Resource Monitoring For Remote Applications

Installing Remora

Installing Remora is not difficult; the approach is slightly different from the usual ./configure; make; make install. You also need to be aware that because Remora can provide MPI statistics, you need to build it with the intended version of MPI (i.e., don’t cross MPIs). I built Remora with the command,

REMORA_INSTALL_PREFIX=/home/laytonjb/bin/remora-1.8.2 ./install.sh

which installs to a directory in my home account. If more than one user is to have access, you can install Remora in a common directory.

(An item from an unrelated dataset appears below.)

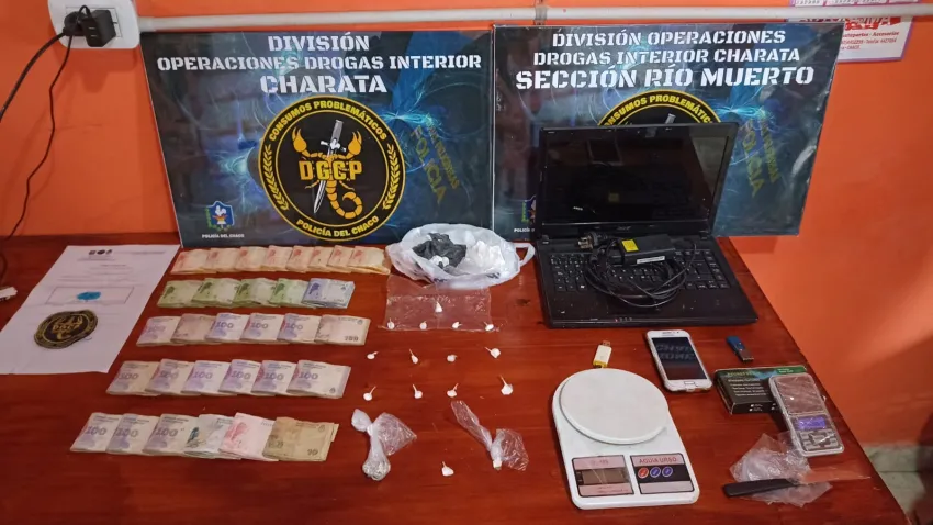 En el segundo domicilio se procedió al secuestro de 17 envoltorios de cocaína con un peso total de 101,7 gramos, dos balanzas digitales de precisión con restos, recortes varios, un teléfono celular, la suma de $110.880, una notebook, dos pendrives y un cuchillo con restos de droga.

If you use multiple versions of MPI, you need to build Remora for each version. If you are using environment modules (e.g.,Lmod), you can write a module for Remora, so it is added to the environment when the corresponding MPI module is loaded.

Using Remora

Remora is very simple to use: Just prepend it to your original command. For example, a simple command line for application ./myapp.exe would become:

$ remora ./myapp.exe

In the case of MPI code, a command line would be something like

$ remora mpirun ... ./mpiapp.exe

if the original command was mpirun/mpiapp.exe. Notice that both commands are run as user, not root, which goes back to the design of Remora: a focus on users and providing them with useful information.

This next example is Fortran 90 code for a simple serial Poisson solver for a rectangular grid (poisson_serial.f90). Remora captures data every 10 seconds by default, so you need to adjust a few application parameters in the Fortran programfor a longer run time:

  • nx = 8000
  • ny = 8000
  • it_max = 10000
  • tolerance = 0.00004D+00

The code was compiled using GCC 7.1 and run on a four-core AMD A6-6310 laptop (Lenovo-G50-45). The output from the code and a summary from Remora are shown in Listing 1. Notice that it gives you the maximum memory used per node, as well as the run time of the application and the sampling time. It also lists the directory with the Remora output.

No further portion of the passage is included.